American Heritage College Dictionary – the good version (since discontinued, I believe), with PIE roots delineated in an appendix (do you know that “snack” and “snot” are related?)

A Funk and Wagnalls from the early 60s
A Websters Dictionary from the 1930s (both nice to see if terms were in use in their time periods).

Then there are the specialized dictionaries:

Spelling (haven’t used since spell check was invented, but it was nice – just a list of words without definitions).
Rhyming Dictionary (for my occasional forays into poetry).
Medical Dictionary
A Concise Etymological Dictionary of the English Language by Walter Skeat (Written in 1900. Its forward refers to the OED as a project).
Brewer’s Dictionary of Phrase and Fable.
Various foreign language dictionaries: French, German, Spanish, Russian, Italian.

Other similar books:
Several dictionaries of quotations, including Bartlett’s.

Reading a dictionary online is like looking at a picture of a beach. I really love to immerse myself and can’t settle for less.

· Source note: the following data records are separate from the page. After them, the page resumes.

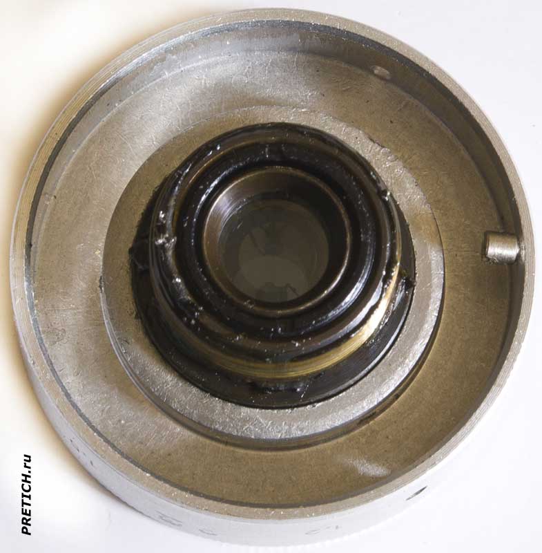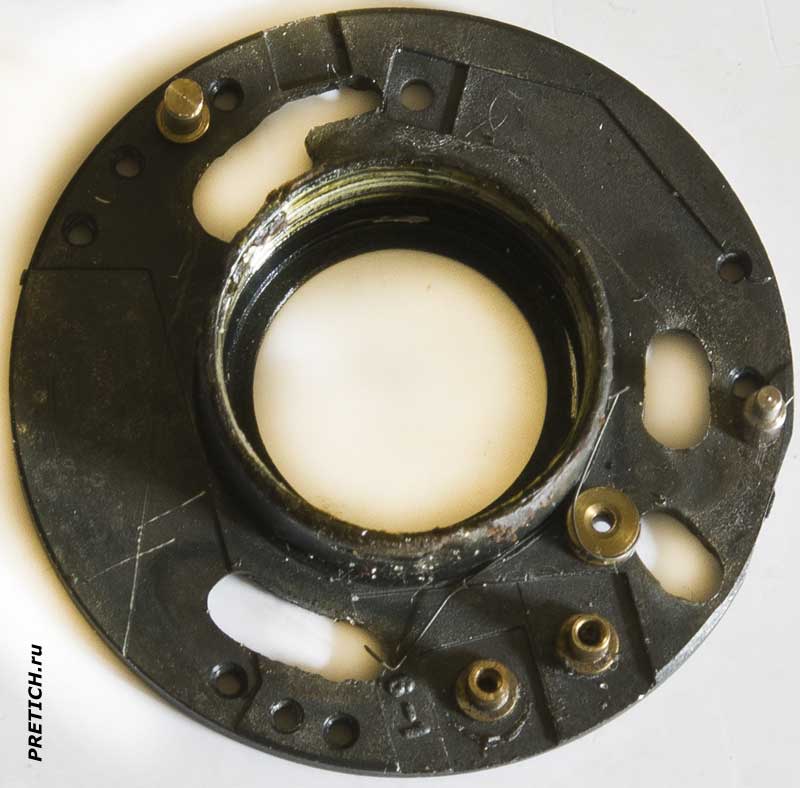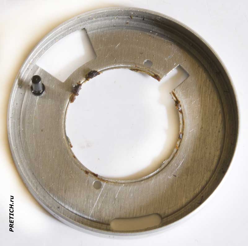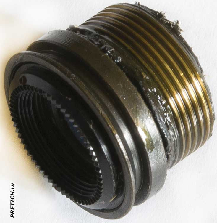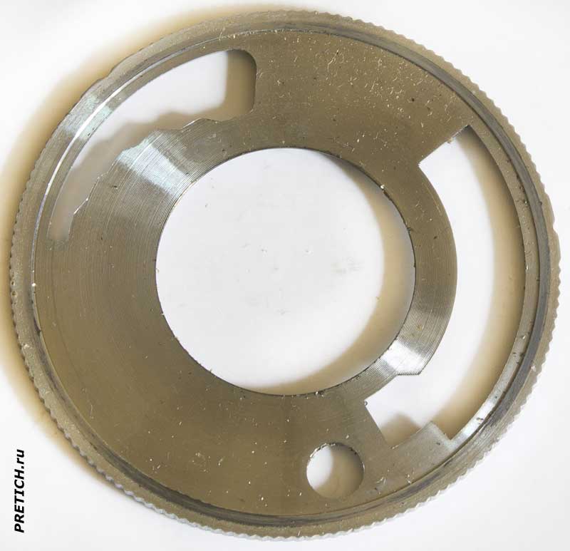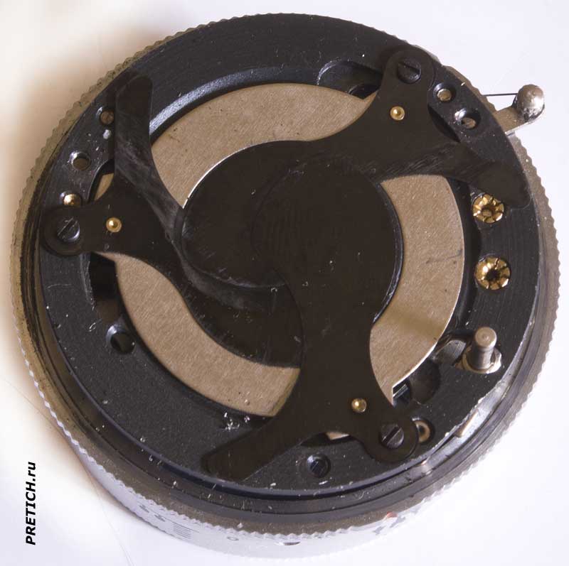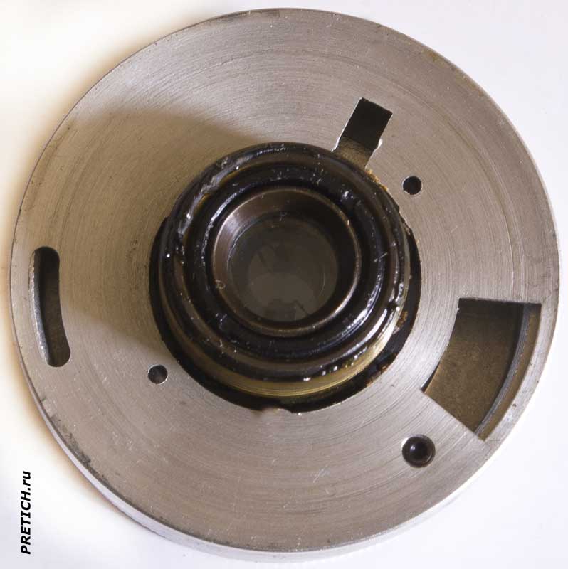 Алюминиевый корпус затвора, посередине видим лепестки затвора... Снимаем и его - обратная сторона.
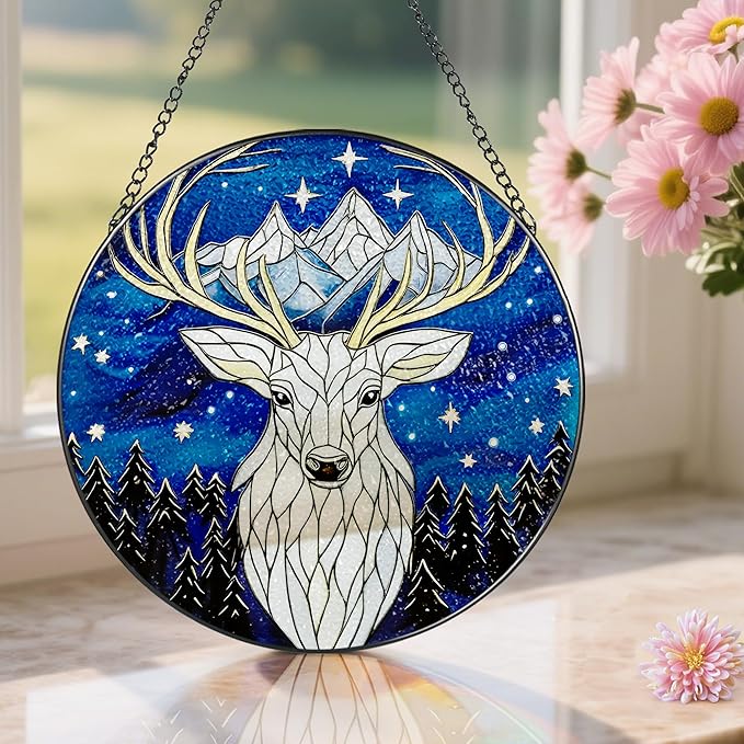 - ☀WHERE LIGHT MEETS ART: Our stained glass suncatcher have a unique blend of semi-transparency and crystal-like radiance. As sunlight passes through the stained glass, its colorful patterns refract into rainbow-hued, dazzling light and shadow—infusing your home with an artistic ambiance and exquisite decorative style.
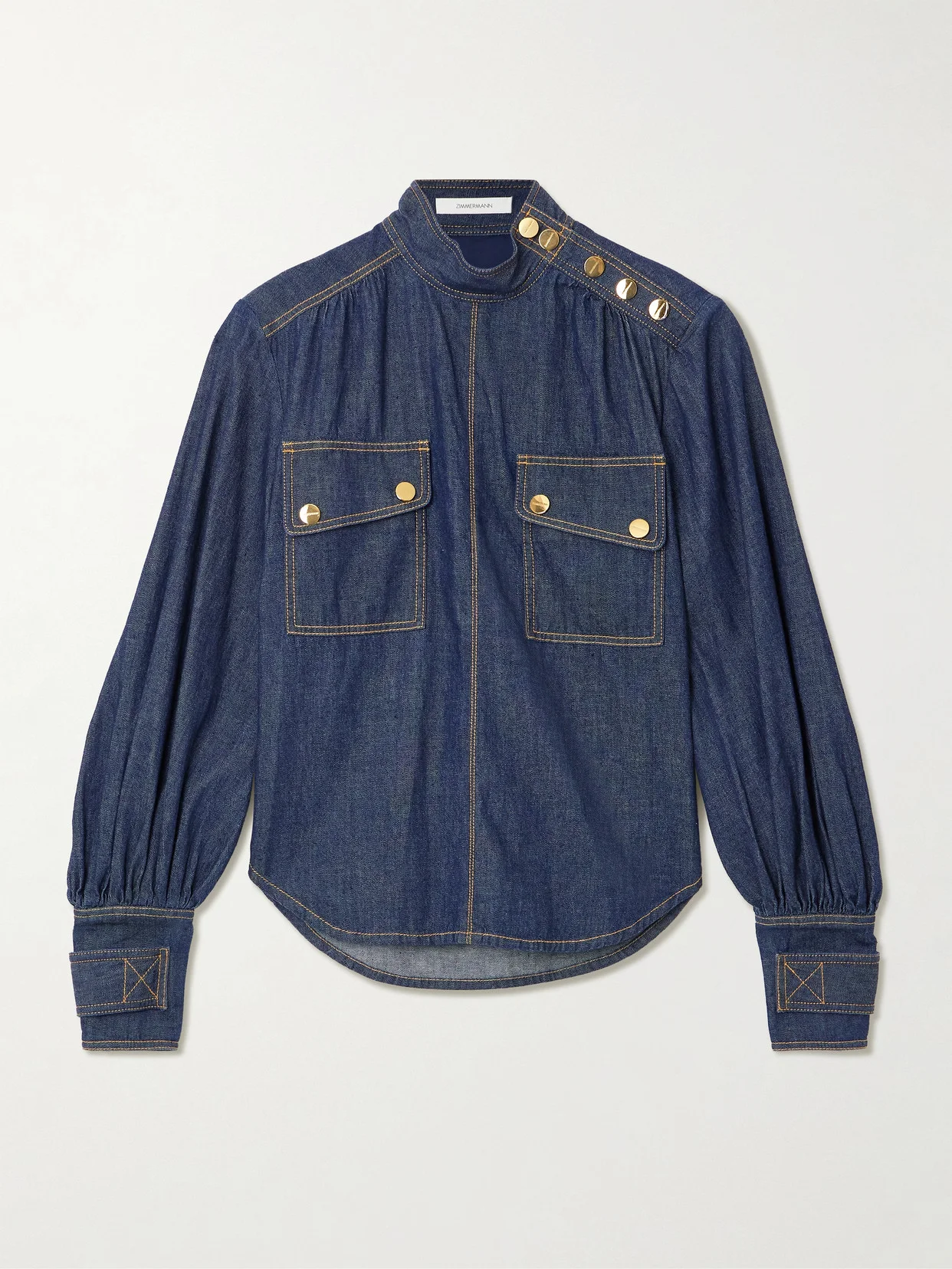 Zimmermann's blouse balances utility with the label's signature romantic touch. Cut from denim, it's defined by voluminous sleeves and has gold-tone button fastenings, which are etched with the brand's logo. Style yours with the matching skirt to recreate the runway look.
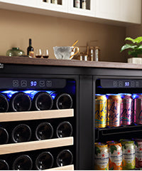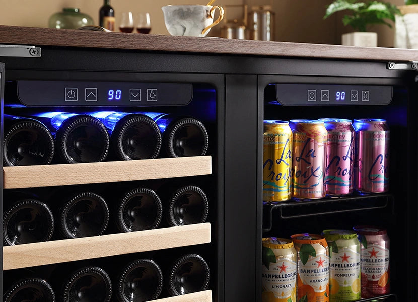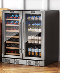 - 2-in-1 wine and beverage fridge fit to sit next to couch.
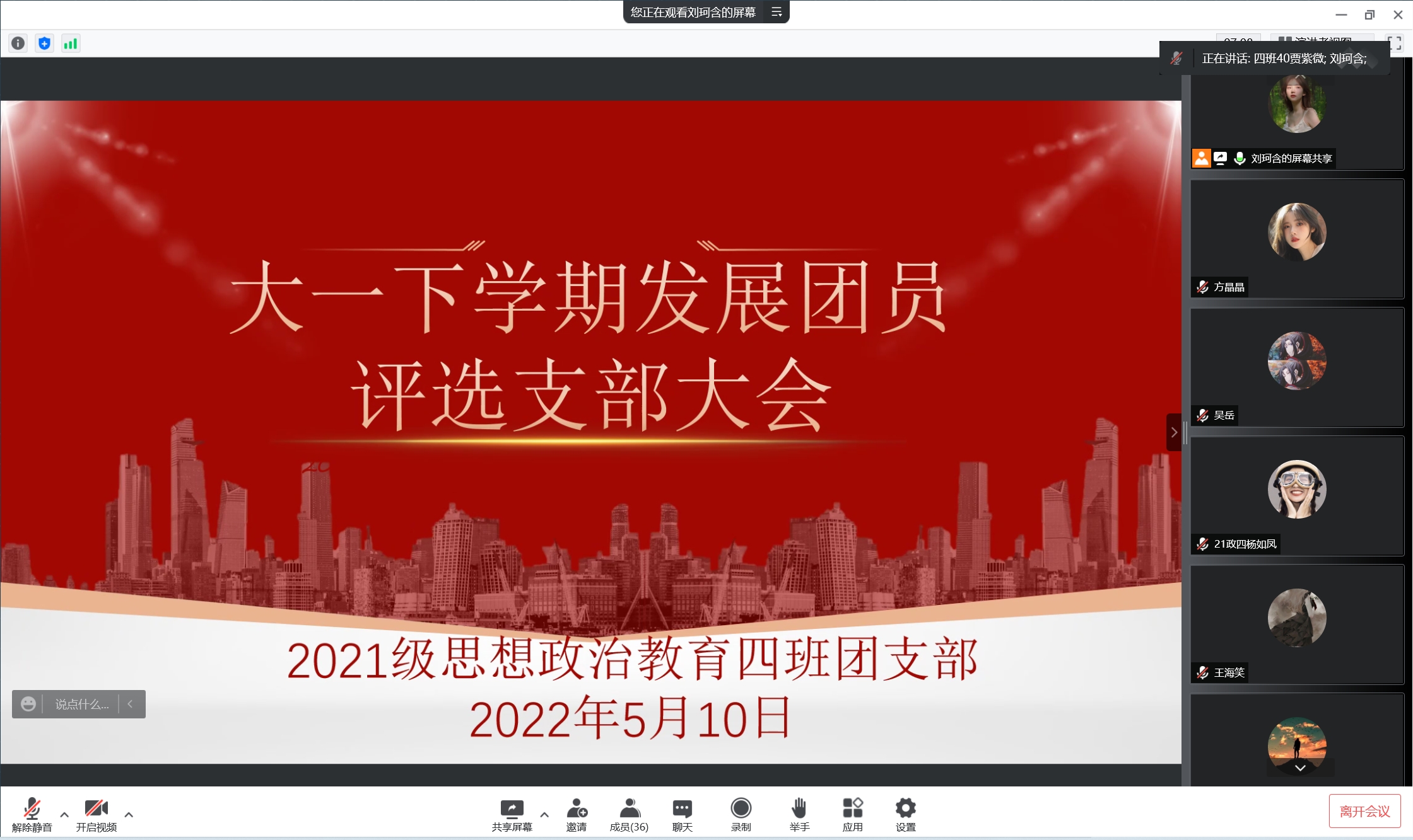 5月10日晚,ok138cn太阳集团5292021级思想政治教育四班线上召开大一下学期发展团员民主评议会。2021级思想政治教育四班全体团员共同参会。会议由团支书刘珂含主持。
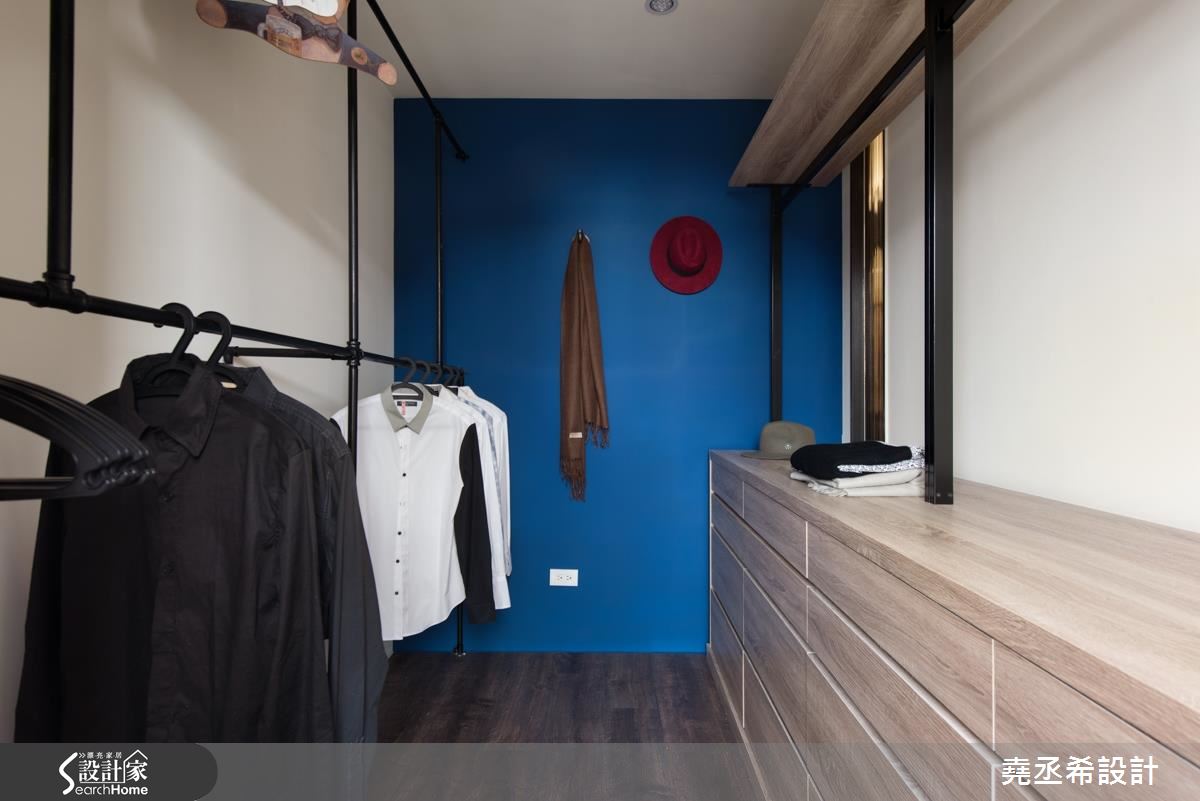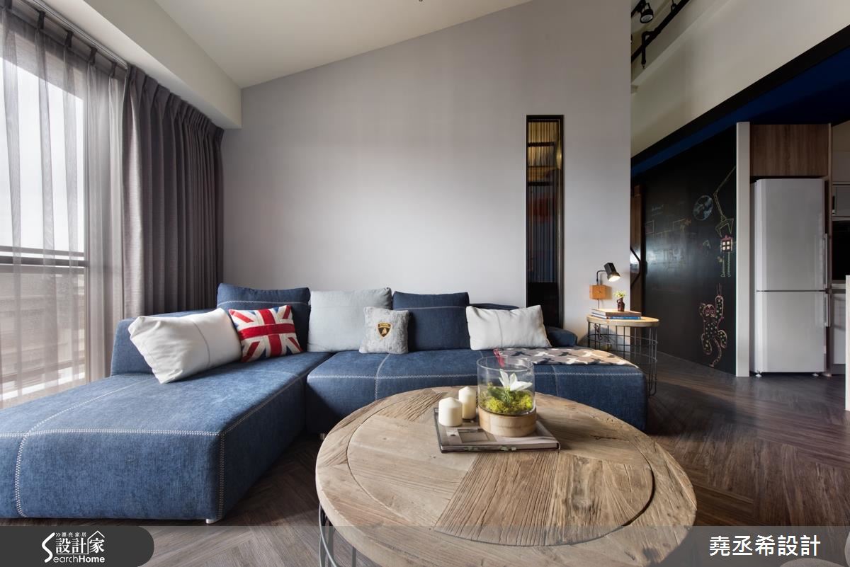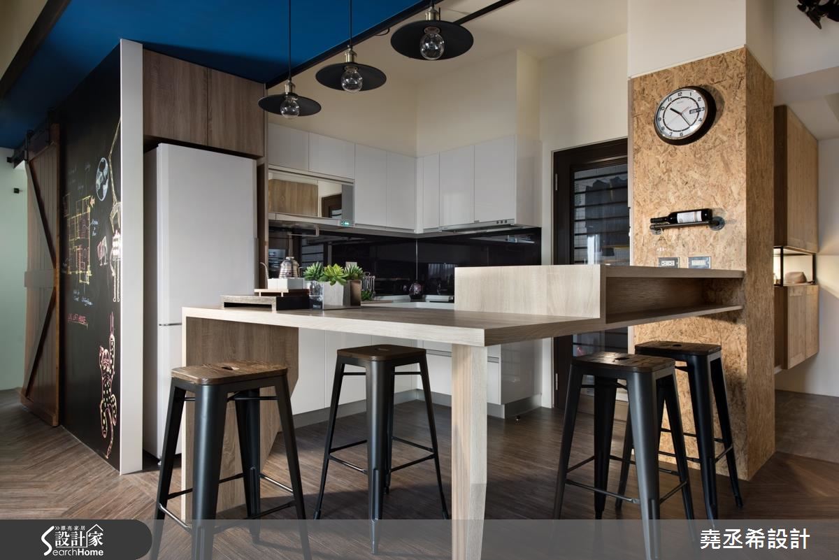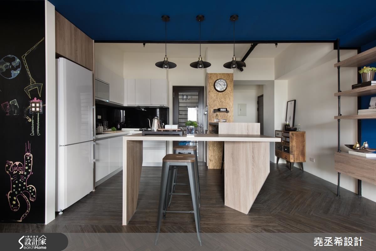 為了描摹出屋主喜愛的 Loft 樣貌,設計師在室內注入磚牆、鐵件、實木板,以及工業風單品等經典元素,地坪以人字拼法刻劃獨特的個性魅力,而牆面及沙發的灰、湛藍、藍綠色等色調,也讓色彩的變化上更加豐富。家人最常使用的廚房區域,採用開放式設計,使空間更加寬闊自在,並捨棄傳統餐桌椅的規劃,改設 L 型多功能吧檯,一次滿足料理、用餐、電器廚具儲物的需求,搭配鐵製高腳椅和吊燈,也相當有工業風咖啡館或是餐酒館的情調;主臥室則延續簡約清爽的調性,再隔出更衣間,讓收納機能更加完備。

My favorite reference is the Lincoln Library of Information. I have an ancient edition that I love to thumb through. http://thelincolnlibrary.com/aboutlincoln.html

(This thread is totally safe for work)

I forgot to mention my rather large Harper-Collins German-English dictionary. I have other translating dictionaries (for German, French, Italian, and a bit of Ancient Greek), but that’s the king. That, the Compact OED, a Webster’s, an American Heritage, and a Roget’s all reside on the bottom shelf on my end table. I don’t know whether it’s dorkier that they’re there, or that I actually use them all on a regular basis.

I have the compact OED, too. With magnifying glass. It solves many of our household disagreements. I love it. It was my Mom’s, and I asked to have it when I moved out.

The magnifying glass that comes with the compact edition is quite nice. I used it for all sorts of ‘science experiments’ when I was a kid.

Not big but small. And beautifully formed.

Mrs Byrne’s Dictionary of Unusual, Obscure and Preposterous Words: Gathered from Numerous and Diverse Authoritative Sources.

A few sample entries:

modoc n. 1. someone who joins the Air Force for favourable publicity. 2. a dummy used as a target for carnival ball tosses.

pagophagia n. eating a tray of ice daily for two months to help offset iron deficiency.

threpterophilia n. a fondness for female nurses.

[QUOTE=Chez Guevara]
Not big but small. And beautifully formed.

Mrs Byrne’s Dictionary of Unusual, Obscure and Preposterous Words: Gathered from Numerous and Diverse Authoritative Sources.

75 cents on half.com, the book is now mine.

(I have a fondness for nurses)

:: wordily envious ::

I would like to get the OED2, but where would I keep it? Next to my copy of the Plena Ilustrita Vortaro de Esperanto, 2005 edition, all 1000 pages of it, I guess. My main English dictionary is Collins English Dictionary, though I hope to upgrade to the Oxford Canadian sometime soon. I’m also getting quite a bit of mileage out of Pokrovskij’s six-language Computer Lexicon, though the updated version of that is only available online.